§ WORK REQUIRED:
Before you return the lines below, strip out any images and keep every word as written.

§ RECORDS FOR PROCESSING:
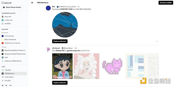 Context 是一個平臺,可讓您監控目標加密錢包的 NFT 活動,確保您始終通過平臺的提要流或導航欄了解您關心的人的最新 NFT 動態。
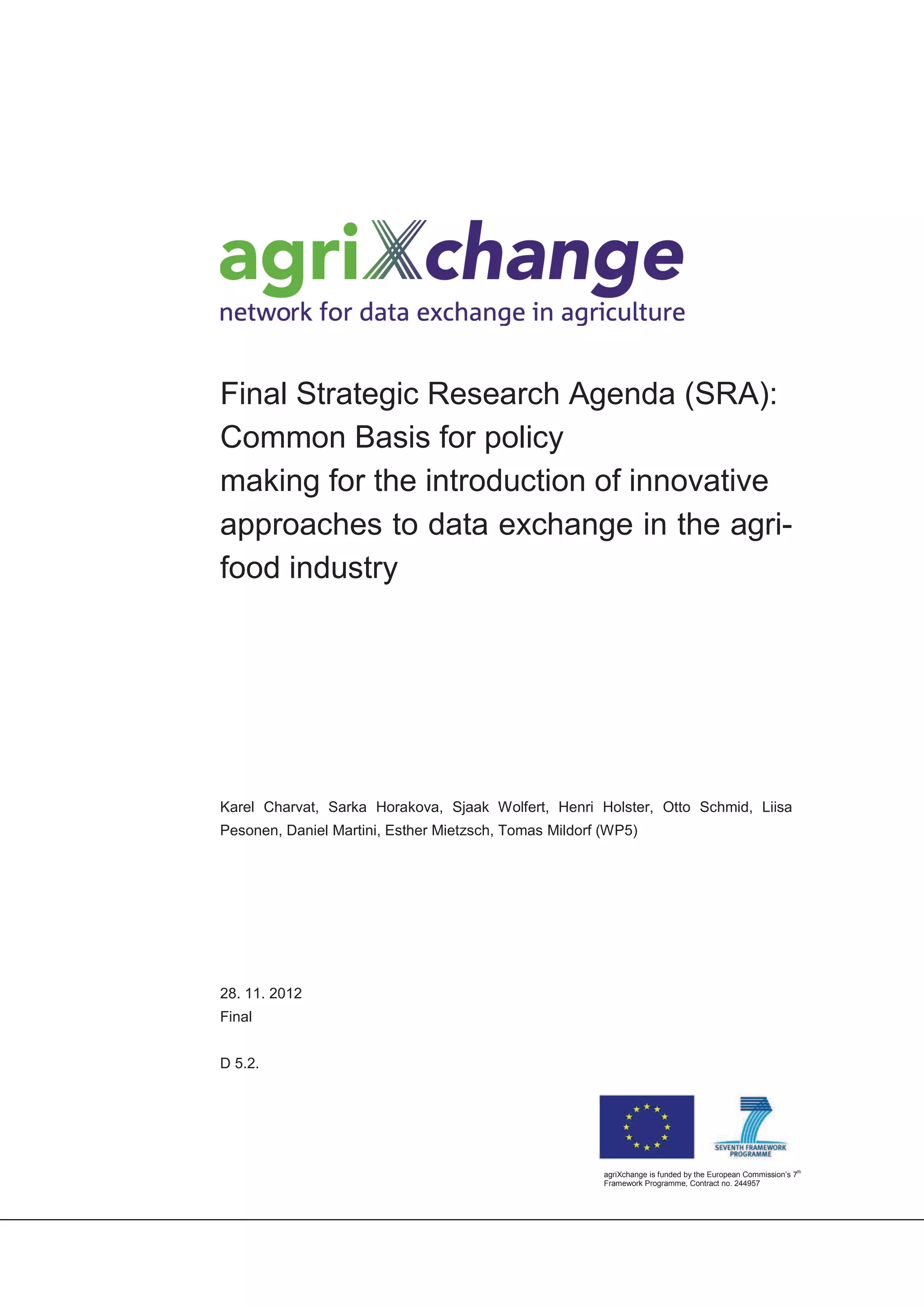The document provides a strategic research agenda (SRA) for standardization related to data exchange in the agricultural sector. It analyzes past initiatives and current standardization efforts. Key findings include the need for improved interoperability and data sharing enabled by standards. It also cites challenges like a lack of long-term sustainability in ICT research for agriculture. The SRA aims to identify challenges and help guide future work on standardization to better support data-driven innovation and technology adoption in agriculture.
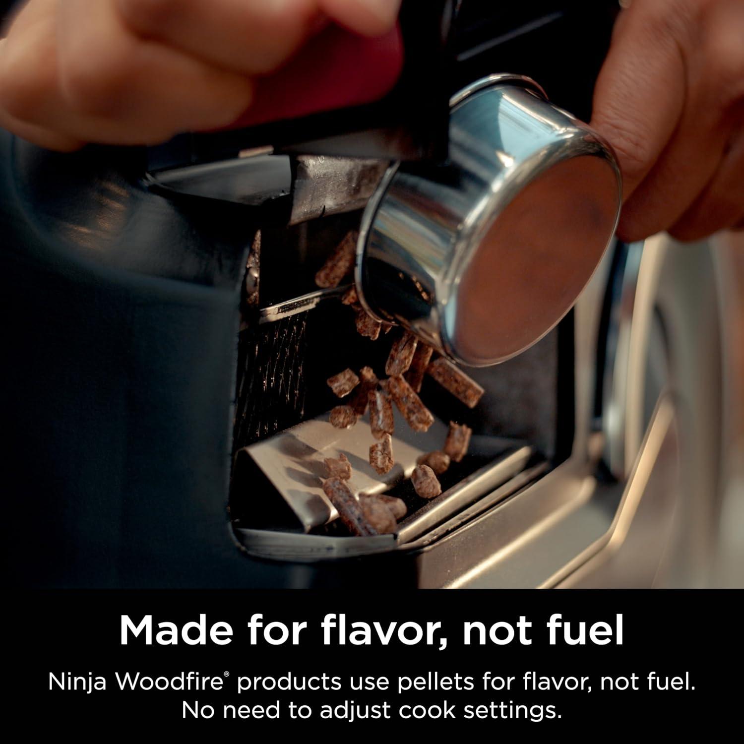FLAVOR NOT FUEL: Ninja Woodfire products use pellets only for flavor—not for fuel. Only 1/2 cup of pellets is required to create delicious smoky flavors.
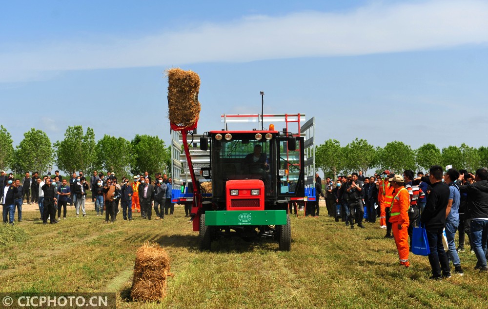 ↑2021年5月10日,在河北省农机推广“田间日”活动上,参会厂家进行草捆捡拾机作业演示。CICPHOT0/苑立伟 摄
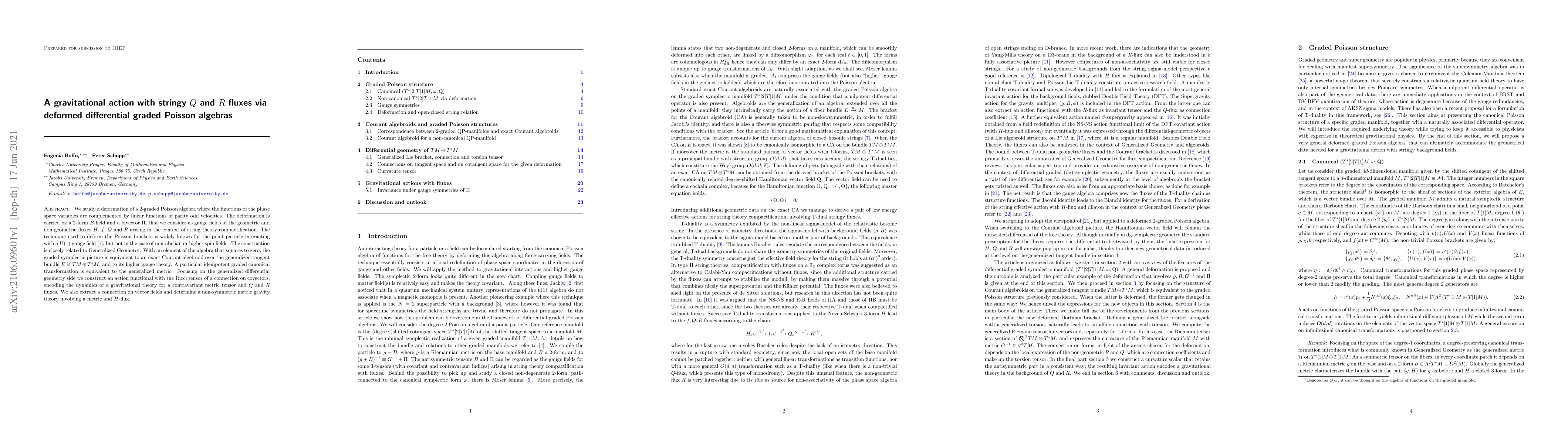 We study a deformation of a $2$-graded Poisson algebra where the functions of the phase space variables are complemented by linear functions of parity odd velocities. The deformation is carried by a $2$-form $B$-field and a bivector $\Pi$, that we consider as gauge fields of the geometric and non-geometric fluxes $H$, $f$, $Q$ and $R$ arising in the context of string theory compactification. The technique used to deform the Poisson brackets is widely known for the point particle interacting with a $U(1)$ gauge field, but not in the case of non-abelian or higher spin fields. The construction is closely related to Generalized Geometry: With an element of the algebra that squares to zero, the graded symplectic picture is equivalent to an exact Courant algebroid over the generalized tangent bundle $E \cong TM \oplus T^{*}M$, and to its higher gauge theory. A particular idempotent graded canonical transformation is equivalent to the generalized metric. Focusing on the generalized differential geometry side we construct an action functional with the Ricci tensor of a connection on covectors, encoding the dynamics of a gravitational theory for a contravariant metric tensor and $Q$ and $R$ fluxes. We also extract a connection on vector fields and determine a non-symmetric metric gravity theory involving a metric and $H$-flux.
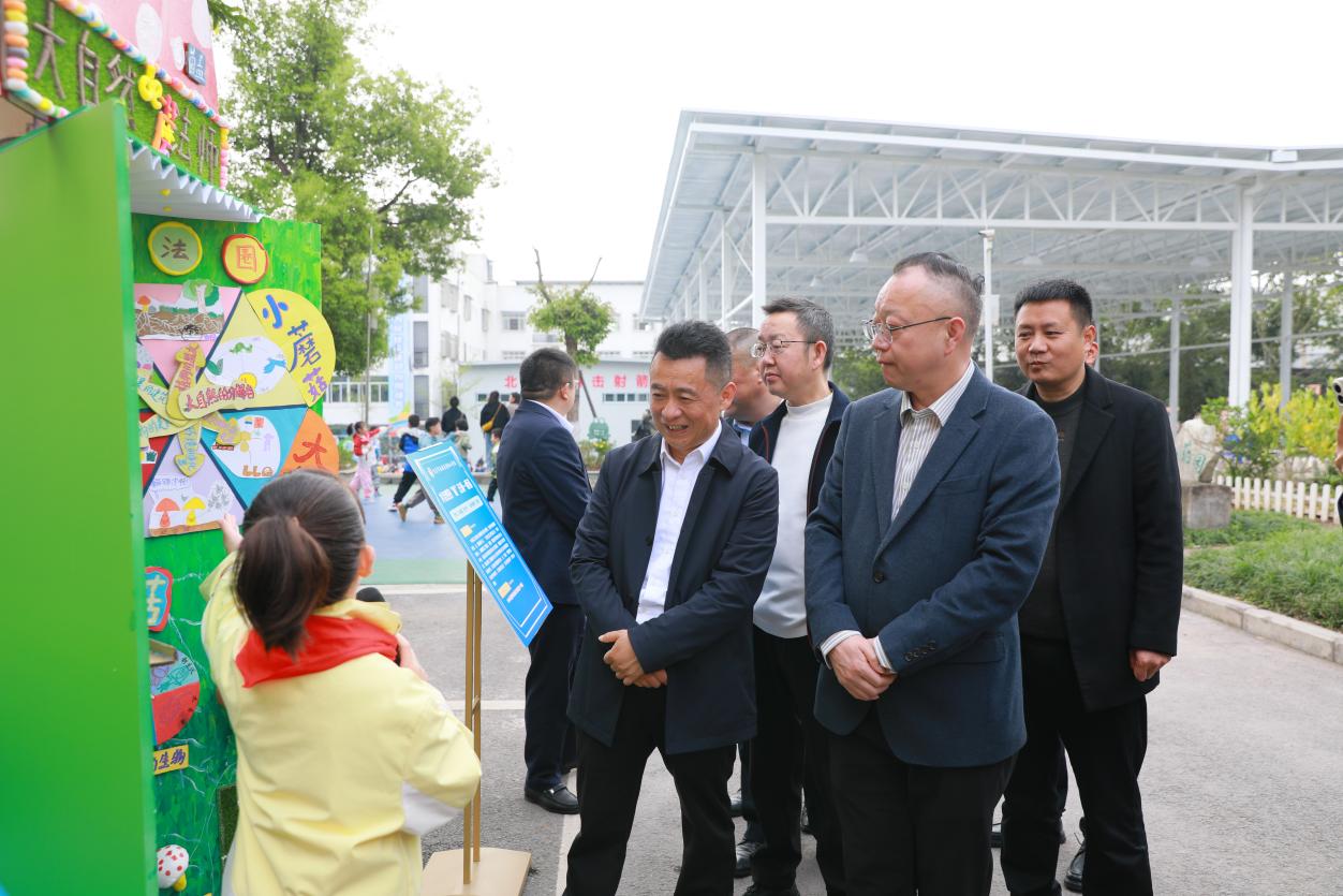 代表团一行实地参观了朝阳小学校园环境及特色功能场馆。从阳光广场到门厅文化区,从科技馆到阅读馆,学校将育人理念贯穿于空间布局之中。在小农场劳动实践基地,来宾们深入了解学校将劳动教育与中医药文化融合开展的特色实践。在寒假项目化科技作品展区,学生讲解员自信介绍作品构思与创作过程,展现了学校在科技教育与思政教育融合方面的积极探索。

§ ANSWER SECTION:
 Context 是一個平臺,可讓您監控目標加密錢包的 NFT 活動,確保您始終通過平臺的提要流或導航欄了解您關心的人的最新 NFT 動態。
The document provides a strategic research agenda (SRA) for standardization related to data exchange in the agricultural sector. It analyzes past initiatives and current standardization efforts. Key findings include the need for improved interoperability and data sharing enabled by standards. It also cites challenges like a lack of long-term sustainability in ICT research for agriculture. The SRA aims to identify challenges and help guide future work on standardization to better support data-driven innovation and technology adoption in agriculture.
FLAVOR NOT FUEL: Ninja Woodfire products use pellets only for flavor—not for fuel. Only 1/2 cup of pellets is required to create delicious smoky flavors.
 ↑2021年5月10日,在河北省农机推广“田间日”活动上,参会厂家进行草捆捡拾机作业演示。CICPHOT0/苑立伟 摄
 We study a deformation of a $2$-graded Poisson algebra where the functions of the phase space variables are complemented by linear functions of parity odd velocities. The deformation is carried by a $2$-form $B$-field and a bivector $\Pi$, that we consider as gauge fields of the geometric and non-geometric fluxes $H$, $f$, $Q$ and $R$ arising in the context of string theory compactification. The technique used to deform the Poisson brackets is widely known for the point particle interacting with a $U(1)$ gauge field, but not in the case of non-abelian or higher spin fields. The construction is closely related to Generalized Geometry: With an element of the algebra that squares to zero, the graded symplectic picture is equivalent to an exact Courant algebroid over the generalized tangent bundle $E \cong TM \oplus T^{*}M$, and to its higher gauge theory. A particular idempotent graded canonical transformation is equivalent to the generalized metric. Focusing on the generalized differential geometry side we construct an action functional with the Ricci tensor of a connection on covectors, encoding the dynamics of a gravitational theory for a contravariant metric tensor and $Q$ and $R$ fluxes. We also extract a connection on vector fields and determine a non-symmetric metric gravity theory involving a metric and $H$-flux.
 代表团一行实地参观了朝阳小学校园环境及特色功能场馆。从阳光广场到门厅文化区,从科技馆到阅读馆,学校将育人理念贯穿于空间布局之中。在小农场劳动实践基地,来宾们深入了解学校将劳动教育与中医药文化融合开展的特色实践。在寒假项目化科技作品展区,学生讲解员自信介绍作品构思与创作过程,展现了学校在科技教育与思政教育融合方面的积极探索。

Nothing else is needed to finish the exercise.